§ Activity: An exact copy of every entry below is required, and no picture may appear in it.

§ Study material:
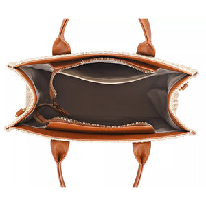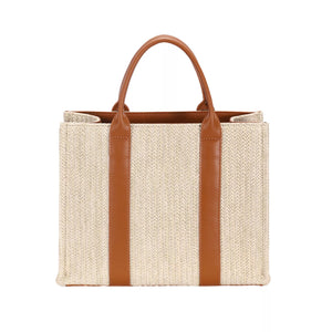 This square woven tote handbag is a trendy and stylish accessory. The woven design adds a unique and bohemian touch to any outfit. The square shape provides ample space for all your essentials. Perfect for carrying your belongings in style for a day out or a casual event. A must-have handbag for those who appreciate both fashion and functionality.
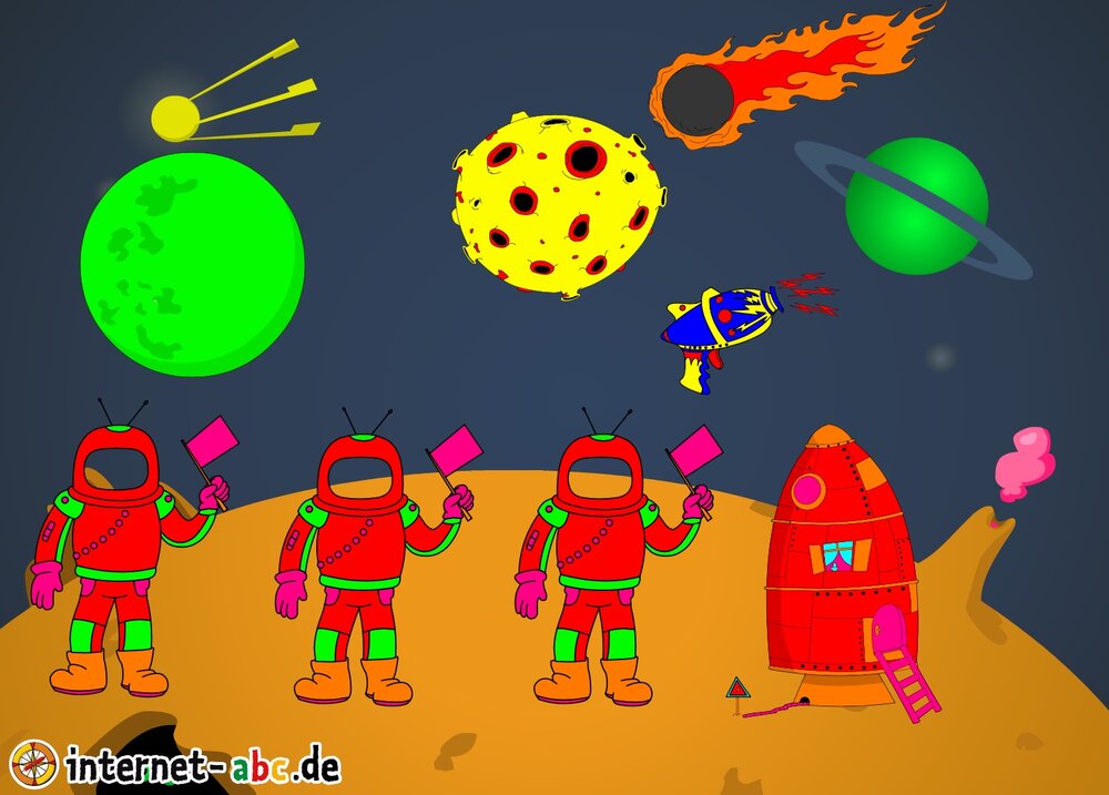 Mit der Rakete fliegen die 4 Internet-ABC-Tiere in den Weltraum. Was sie dort sehen und erleben, könnt ihr in diesem Baukasten malen und erzählen.
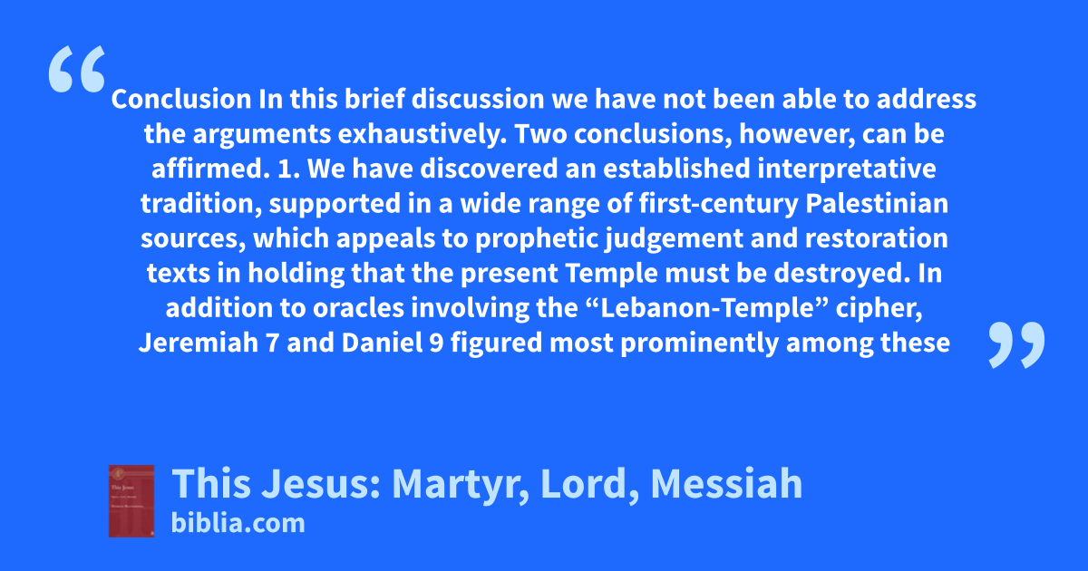 Conclusion In this brief discussion we have not been able to address the arguments exhaustively. Two conclusions, however, can be affirmed. 1. We have discovered an established interpretative tradition, supported in a wide range of first-century Palestinian sources, which appeals to prophetic judgement and restoration texts in holding that the present Temple must be destroyed. In addition to oracles involving the “Lebanon-Temple” cipher, Jeremiah 7 and Daniel 9 figured most prominently among these
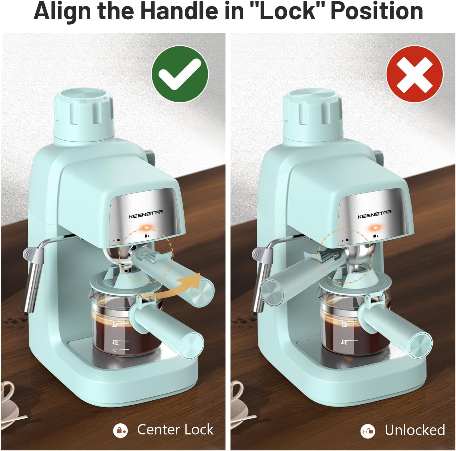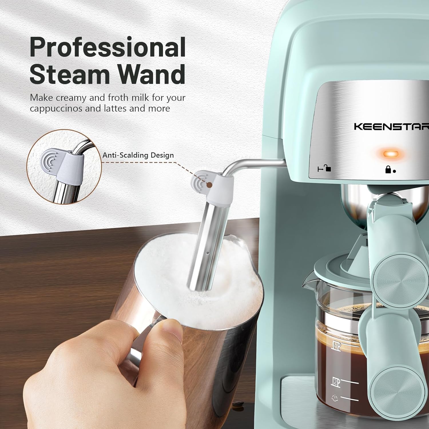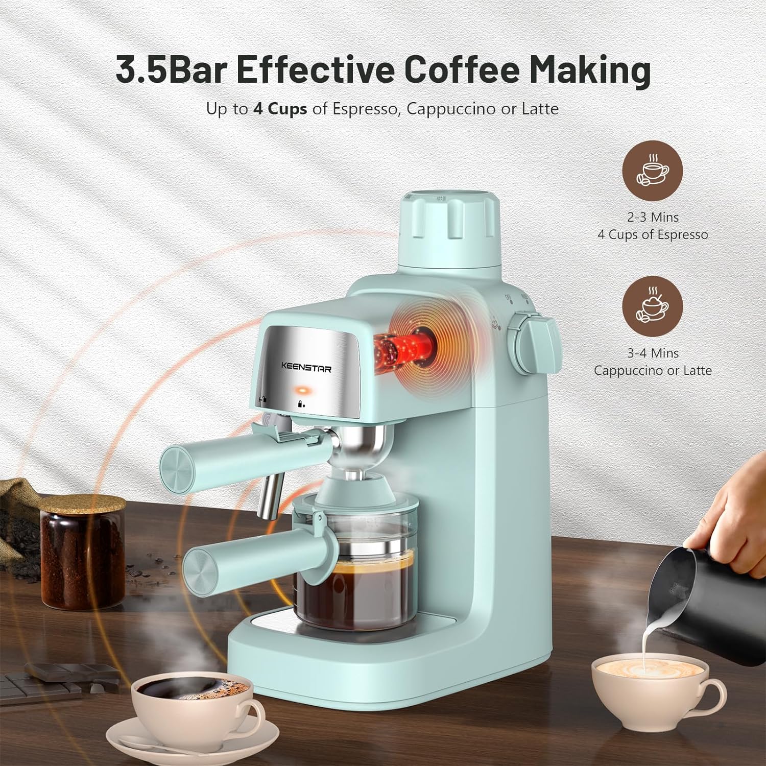 Fast Brewing Technology: Advanced heating technology makes water quickly heat to the right temperature. Keenstar 3.5 bar pressure coffee maker can make 1-4 cups (240ml) of coffee within 2 minutes. Easy-pour glass cup is clearly marked to serve the perfect amount every time and delivers a truly rich espresso in seconds.
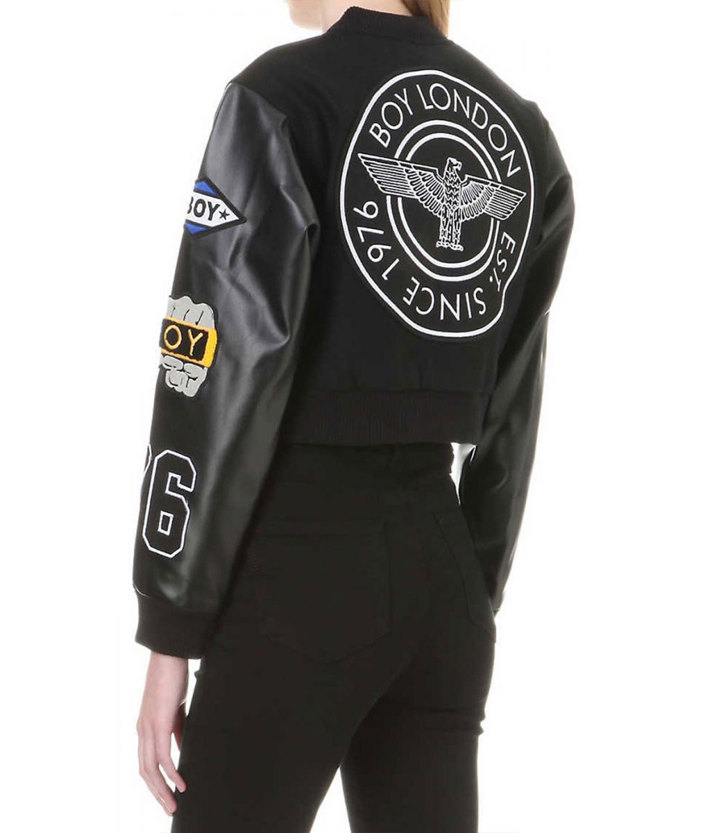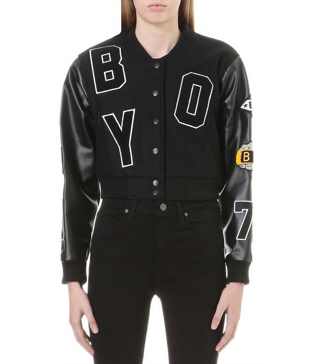 The Boy London Crop Varsity jacket body made from wool and sleeves made from genuine leather. The jacket is available in a mesmerizing black color, which gives it an innovative and dazzling look. The collar of the jacket is a rib-knitted style. It has snap tab buttoned front closure. A soft viscose inner lining of the jacket keeps you warm and relaxed. The sleeves of the Black Cropped Varsity jacket are full-length ends with rib-knitted cuffs. There is patch of duck on front side of jacket. The jacket has two side waist pockets for keeping stuff. The fine quality stitching of the Boy London Crop Varsity jacket makes it durable and comfortable to wear. The jacket is an ideal choice for casual wearing.
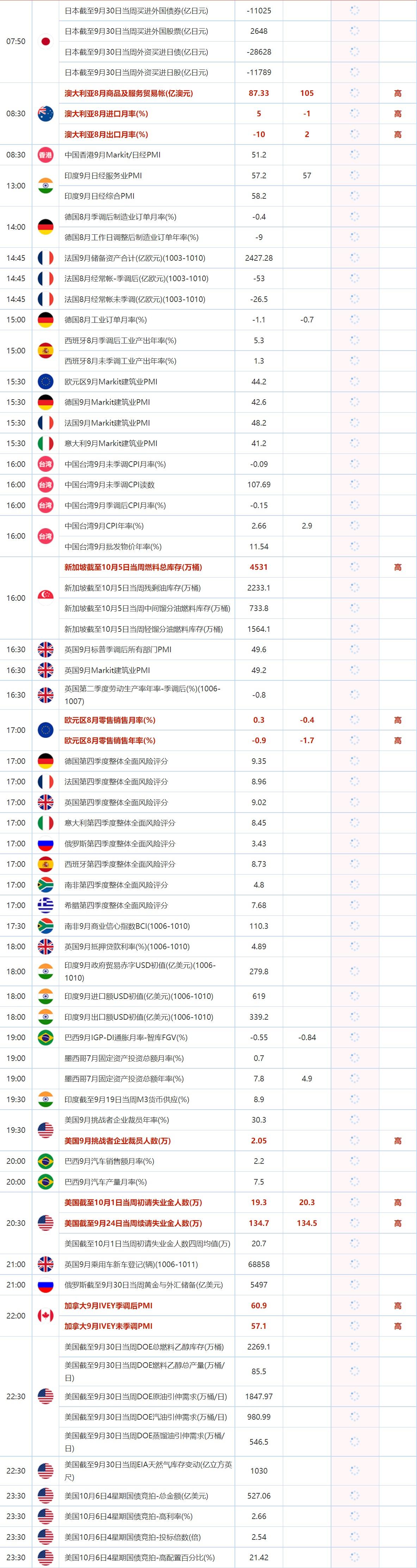 后续及时更新的财历数据请关注:【汇通网10月6日财经日历】

§ Answer box:
 This square woven tote handbag is a trendy and stylish accessory. The woven design adds a unique and bohemian touch to any outfit. The square shape provides ample space for all your essentials. Perfect for carrying your belongings in style for a day out or a casual event. A must-have handbag for those who appreciate both fashion and functionality.
 Mit der Rakete fliegen die 4 Internet-ABC-Tiere in den Weltraum. Was sie dort sehen und erleben, könnt ihr in diesem Baukasten malen und erzählen.
 Conclusion In this brief discussion we have not been able to address the arguments exhaustively. Two conclusions, however, can be affirmed. 1. We have discovered an established interpretative tradition, supported in a wide range of first-century Palestinian sources, which appeals to prophetic judgement and restoration texts in holding that the present Temple must be destroyed. In addition to oracles involving the “Lebanon-Temple” cipher, Jeremiah 7 and Daniel 9 figured most prominently among these
 Fast Brewing Technology: Advanced heating technology makes water quickly heat to the right temperature. Keenstar 3.5 bar pressure coffee maker can make 1-4 cups (240ml) of coffee within 2 minutes. Easy-pour glass cup is clearly marked to serve the perfect amount every time and delivers a truly rich espresso in seconds.
 The Boy London Crop Varsity jacket body made from wool and sleeves made from genuine leather. The jacket is available in a mesmerizing black color, which gives it an innovative and dazzling look. The collar of the jacket is a rib-knitted style. It has snap tab buttoned front closure. A soft viscose inner lining of the jacket keeps you warm and relaxed. The sleeves of the Black Cropped Varsity jacket are full-length ends with rib-knitted cuffs. There is patch of duck on front side of jacket. The jacket has two side waist pockets for keeping stuff. The fine quality stitching of the Boy London Crop Varsity jacket makes it durable and comfortable to wear. The jacket is an ideal choice for casual wearing.
 后续及时更新的财历数据请关注:【汇通网10月6日财经日历】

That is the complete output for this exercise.